Stored data entries —
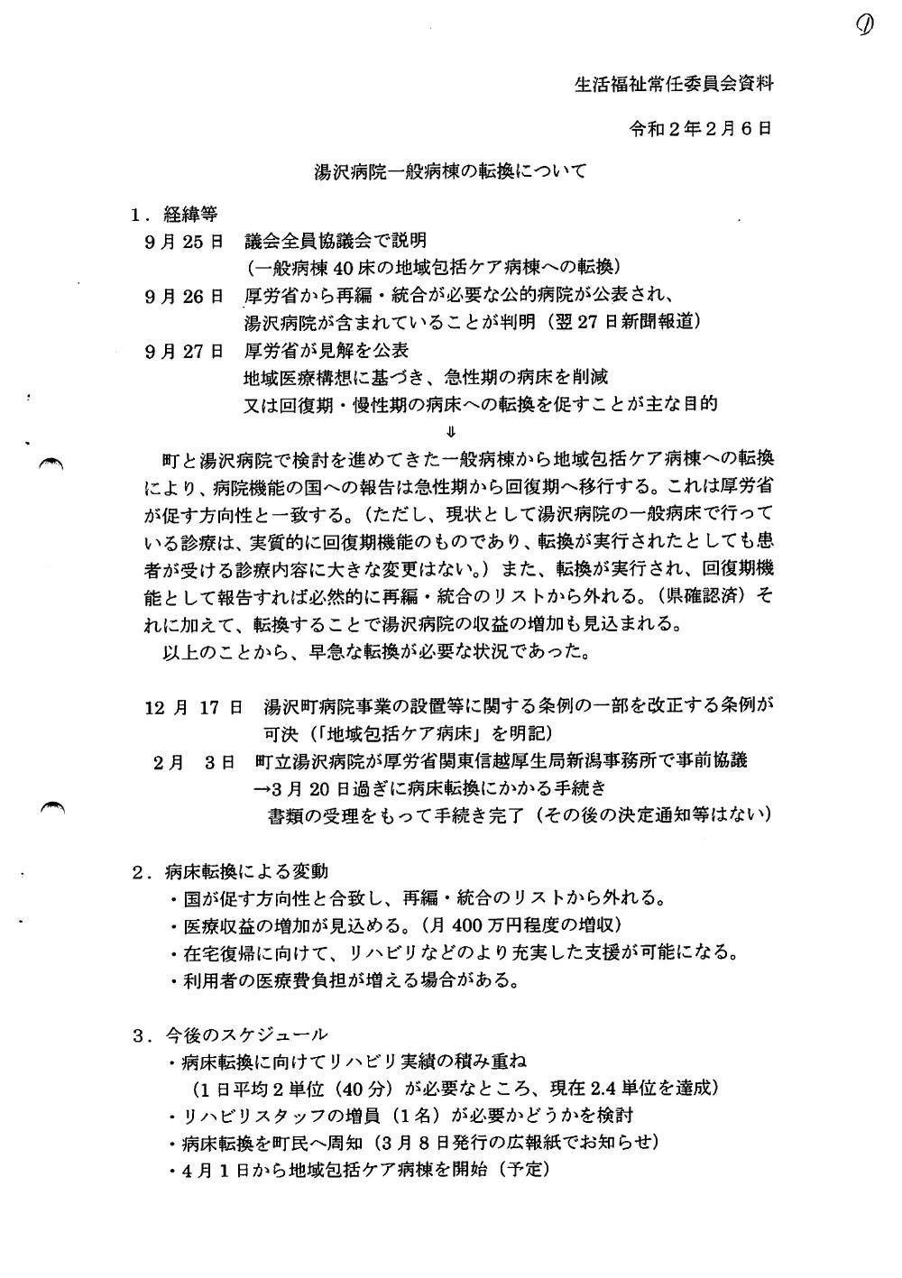 ・湯沢病院の病床転換と迎営状況について
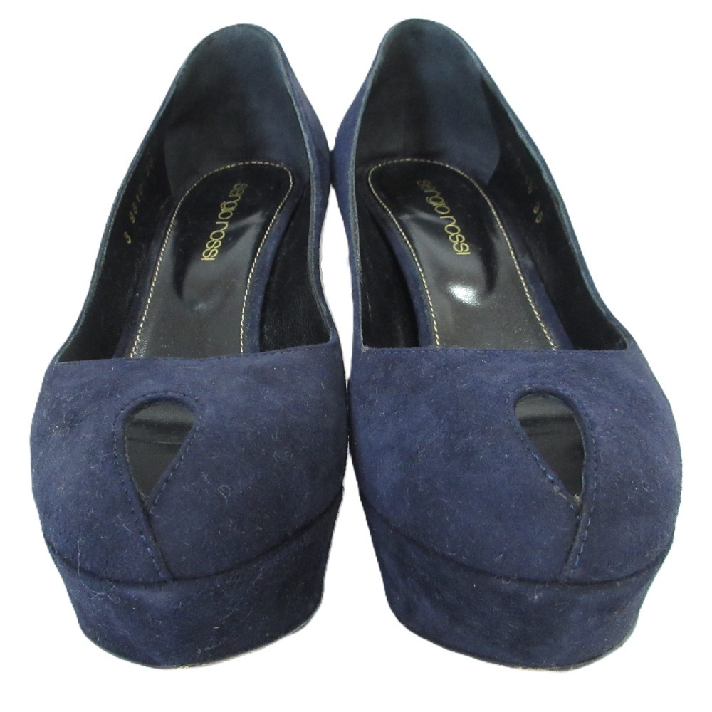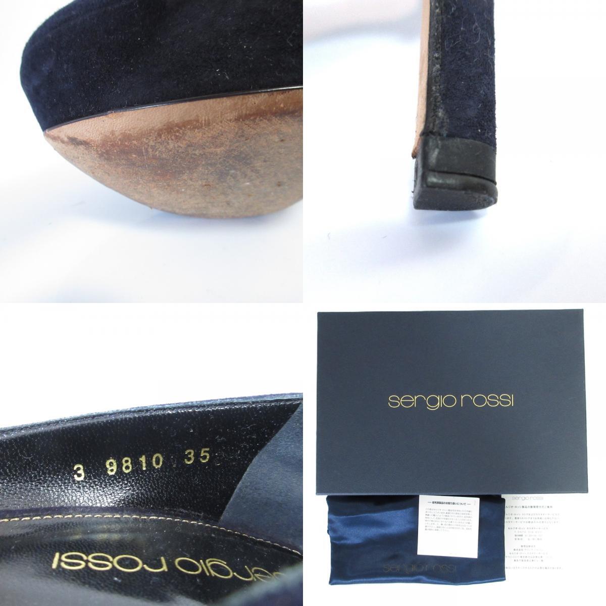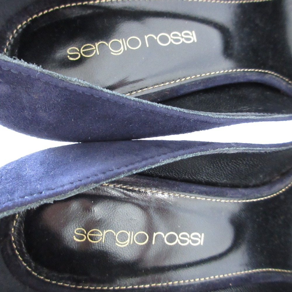 美品 Sergio Rossi セルジオロッシ スエード ハイヒール プラットフォーム パンプス 35 22.5cm ネイビー
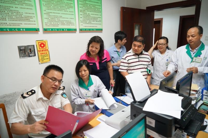 检验科等场所,对医院安全生产、消防安全、危化品管理、仪器设备管理、传染病防控、垃圾污水处理等方面进行现场督导和资料查看。检查组表示我院作为茂名地区的龙头医院,医疗安全、安全生产、消防安全、危化品管理等工作一直做的很好,但是仍要居安思危,严格按照国家及省市各项相关文件政策,以创建“平安医院”为目标,认真落实各项安全生产工作。
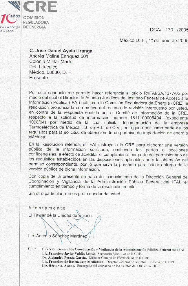 En alcance a la solicitud recibida con No. de Folio 1811100005404, dirigida a la Unidad de enlace de COMISIÓN REGULADORA DE ENERGÍA, el día 07/10/2004, nos permitimos hacer de su conocimiento que Con fundamento en los artículos 44 y 45 de la Ley Federal de Transparencia y Acceso a la Información Pública Gubernamental, la información no puede ser proporcionada debido a que es: |
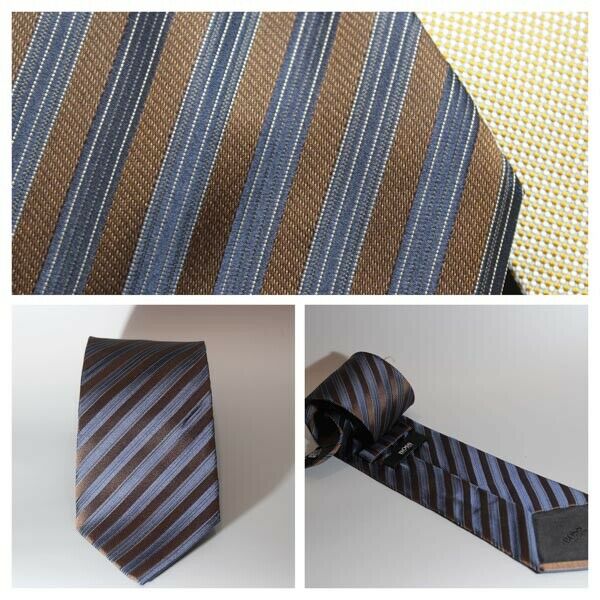 Men’s BOSS Necktie Casual Official Business Classic Navy Blue & Brown, Striped

The task — Your response must consist of the lines from the beginning of the data through the line containing "检验科等场所,对医院安全生产", transcribed exactly, with no pictures.

Answer to this exercise —
 ・湯沢病院の病床転換と迎営状況について
 美品 Sergio Rossi セルジオロッシ スエード ハイヒール プラットフォーム パンプス 35 22.5cm ネイビー
 检验科等场所,对医院安全生产、消防安全、危化品管理、仪器设备管理、传染病防控、垃圾污水处理等方面进行现场督导和资料查看。检查组表示我院作为茂名地区的龙头医院,医疗安全、安全生产、消防安全、危化品管理等工作一直做的很好,但是仍要居安思危,严格按照国家及省市各项相关文件政策,以创建“平安医院”为目标,认真落实各项安全生产工作。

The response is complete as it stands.